The first Sunday of Advent is the beginning of the Christian year. So Advent is marked out as a time to begin again. The run of fall events is behind. Christmas and a new year are ahead. A tall candle, unsullied at the top, is screwed into the candlestick on the altar; a match is struck; the fresh wick swells into flame, and the wax pooling at the tip of the candle, till it dries, is as fresh as the season.
So I begin again. I try to begin. That first Sunday, the readings are in conflict, nay contradictory: St. Paul says we are nearer to salvation than when we first believed; Jesus says no one knows the day or the hour — we could be near, we could be far, that is. Well, guys, which is it? It’s a perplexing way to begin.
The second Sunday, it is 70 degrees, and a soccer tournament has bobbed up onto the schedule; our sons’ teams advance, and the finals go on into the evening. On Long Island, standing on a sideline, six o’clock, I hear church bells ring.
Ten days in, the clothes extracted from the closet and stacked neatly near the door for donation to the needy are still near the door, not so neatly stacked anymore. The Advent calendar is propped up on the piano, but we eat out with friends one night, get caught up in homework the next, and then wind up opening three days’ cardboard Advent windows at once. The Advent wreath is out of storage, but it’s dispiriting to set it up with candles already burned down to different lengths from last year (or was it the year before?) — and we still can’t remember whether the third week’s candle is supposed to be pink or purple. In the carved wood one-piece nativity sculpture, Joseph’s head has snapped off again. He has a necklace of Super Glue at this point; every Christmas season he is fixed, and every Christmas season he is decapitated afresh.
It’s a halting, inelegant beginning. REM’s song “Begin the Begin” comes to mind, the title suggesting that grand beginnings start with humble beginnings incorporated tinder-like within them.
And yet such a beginning suits Advent. Advent is four weeks in which to find your way — in my case, to find my way back — before the emphatic full-on commencement that is Christmas. And it seems to me that this experience of wandering in and finding one’s way is as much akin to the experience set out in the nativity narrative as waiting is. It’s no stretch to imagine the parents-to-be in the Holy Land struggling to get their act together — packing bags, amassing baby clothes and sundries, plotting the route to Bethlehem, and generally taking care of things before their new life begins.
In Brooklyn, a fresh wreath from the greenmarket goes up on the door, fastened there with a gold tassel reclaimed from a Halloween costume.

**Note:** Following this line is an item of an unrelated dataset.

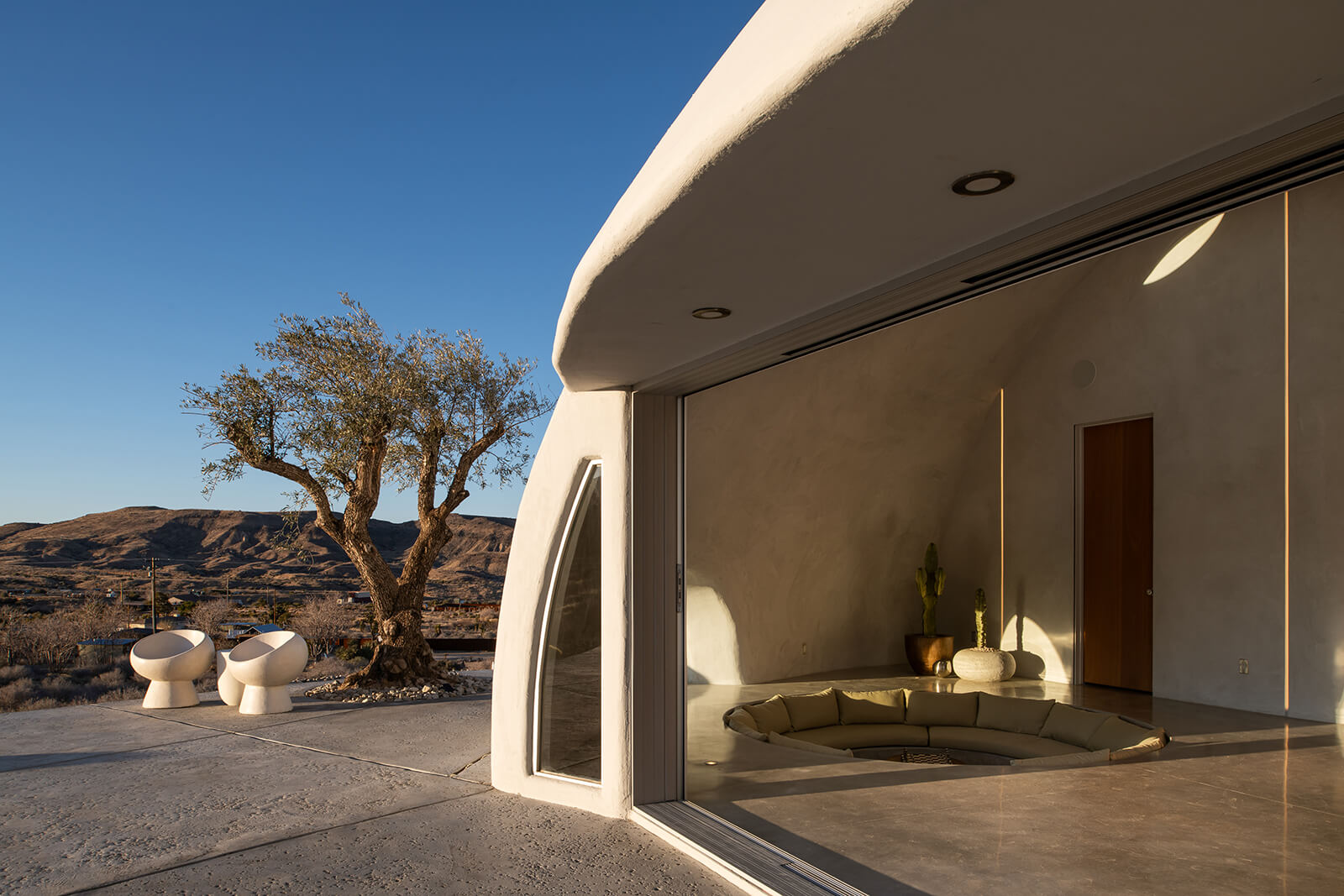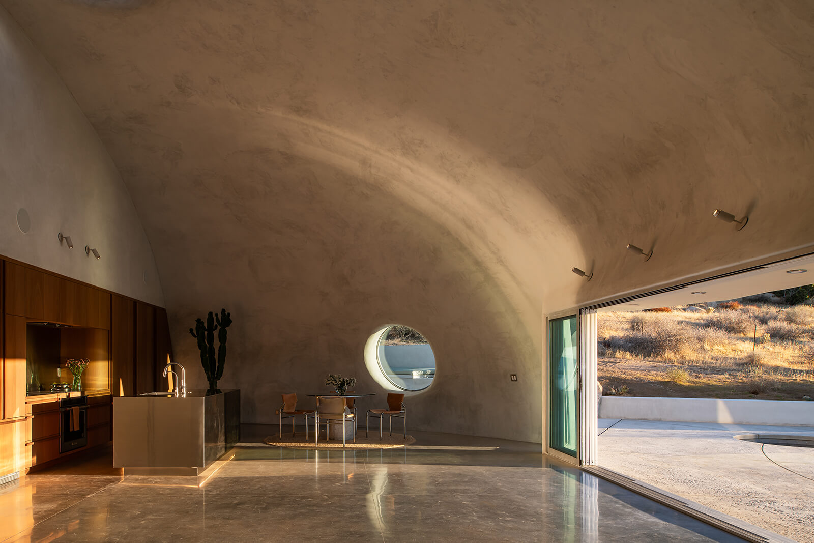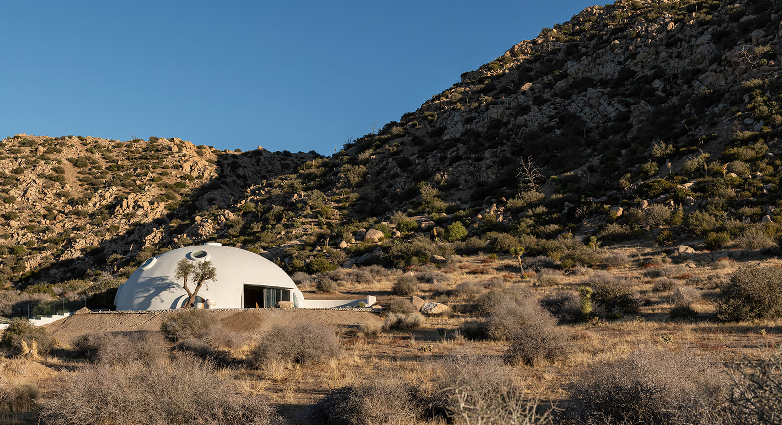 Diverging from conventional desert architecture, Dudik envisions a vacation rental where visitors feel ‘transported, grounded and connected’. Situated minutes away from an unincorporated community, Pioneertown—built in 1946 as a live-in motion picture set—Hata Dome does not exist in isolation from its context, despite being a lone structure. Overlooking the 1880s-themed settlement, the private residence acts as an alternative, futuristic dreamscape against the nostalgic illusion of Pioneertown.

The CD of Bach’s Advent cantatas comes out and stays in the changer, played over and over — whether out of laziness or ritual observance it is hard to say, but the music perfumes the apartment, hinting at Christmas day after day. Christmas lists are made in pencil on loose-leaf paper; links to buy-buttons are sent. A card in a red envelope arrives from an aunt who is always on top of everything, then a card from a friend we never hear from otherwise. An artificial tree is erected in the lobby of our apartment building. It’s time to order the turkey. Christmas is only 15 Shopping Days away.
After all this, it is the third Sunday in Advent. At a quarter to six I leave the holiday party in the lobby and ride down the hill. I lock my bike to the ring-rack outside the Oratory, take off my helmet, and climb the steps, beginning again.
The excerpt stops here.